В окно ударили первые капли дождя, громыхнуло, полыхнуло белизной первой молнии, на втором этаже что-то лязгнуло, звякнуло. Точно, окно на балкон не закрыли!
– Стой. – Ксюха схватила Ольгу за руку. – Вдвоем пойдем... я, это... боюсь.
– Я тоже.
Поднялись, управились с окном, запутавшимся в занавесках, закрыли, придвинув на всякий случай столик, – Ксюха тут же предложила забаррикадировать на всякий случай и входную дверь, но потом сама же отмела мысль как неразумную. Зато выдвинула взамен другую, разумную.
Нужно обыскать комнату Вадика.
– Нет, – ответила Ольга.
– Ну тетя Оля, мы ж тихонечко, осторожно, заглянем и все... его же нету, так? А если он и вправду маньяк, мы должны знать. Мы ж с ним в одном доме. Мы... Он же убить нас может.
– А если он...
– Если появится, скажем, что его искали. Пойдем... ну теть Оля, а то потом неизвестно, когда случай выпадет.

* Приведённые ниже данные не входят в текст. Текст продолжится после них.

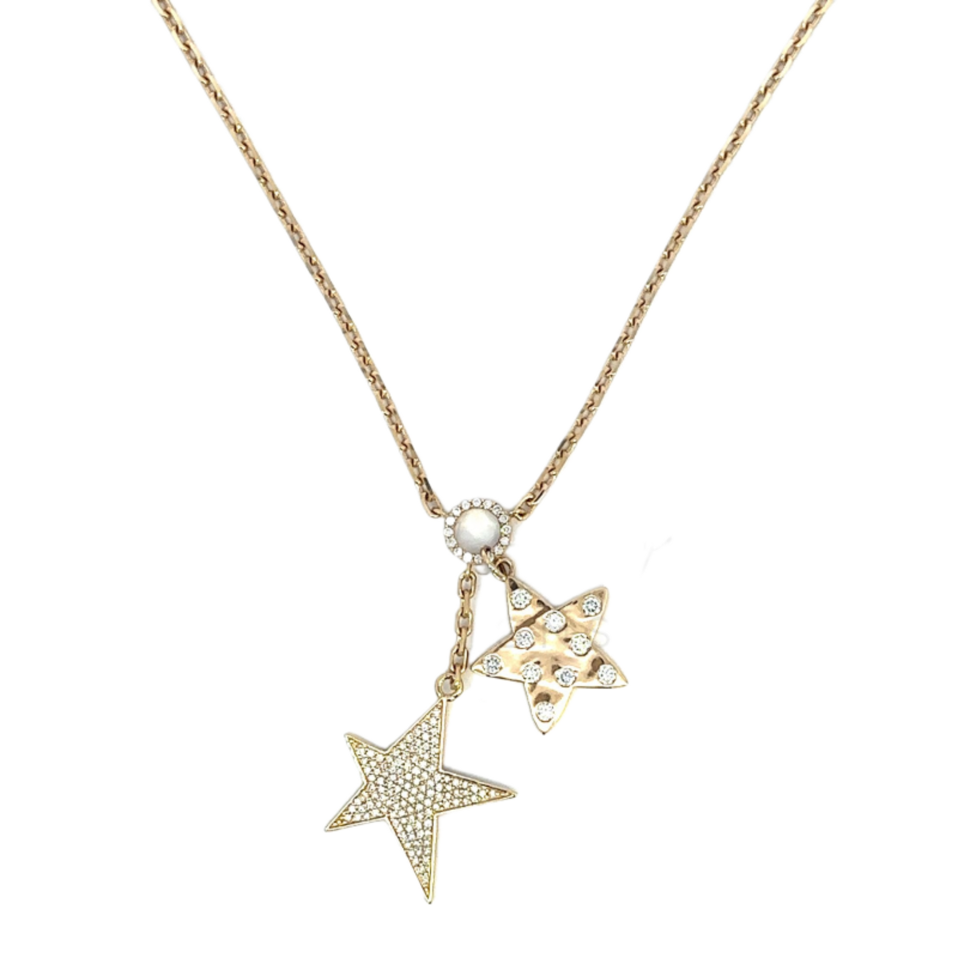 Pave and Bezeled Diamond Double Star Drop Necklace

Ну... ну, в конце концов, Ксюха в чем-то права. Да и комната может оказаться запертой.
Дверь была открыта. Ксюха вежливо постучала. Потом еще раз, уже менее вежливо, потом, нажав на ручку, распахнула и крикнула:
– Эй! Есть тут кто?
Как и ожидалось, никого не было. Ксюха перешагнула через порог, нашарив на стене выключатель, щелкнула и велела:
– Заходи. Чувствуй себя как дома.
В общем-то, эта комната ничем не отличалась от других гостевых, которых в доме насчитывалось что-то около пяти. Была она невелика, из-за темных обоев и массивной мебели казалась еще меньше. Единственное окно, занимавшее почти всю стену, было распахнуто настежь, и косые струи дождя, пробивая тонкую тюлевую стену, заливали и пол, и светлый ковер, и скинутые ветром листы бумаги.
– Ужас! – Ольга шагнула к окну, чтобы закрыть его, но племянница не позволила. Грозно насупив брови, она велела:
– Ничего не трогай. Может, он нарочно!
– Окно открытым оставил?
– Ну да, а вдруг мы бы двери заперли? А он через окошко раз и дома.
Ксюха, став на четвереньки, принялась изучать рассыпанные листы.
– Это письмо... старое... слушай: «Дорогой мой Вадим, я очень соскучилась по тебе...»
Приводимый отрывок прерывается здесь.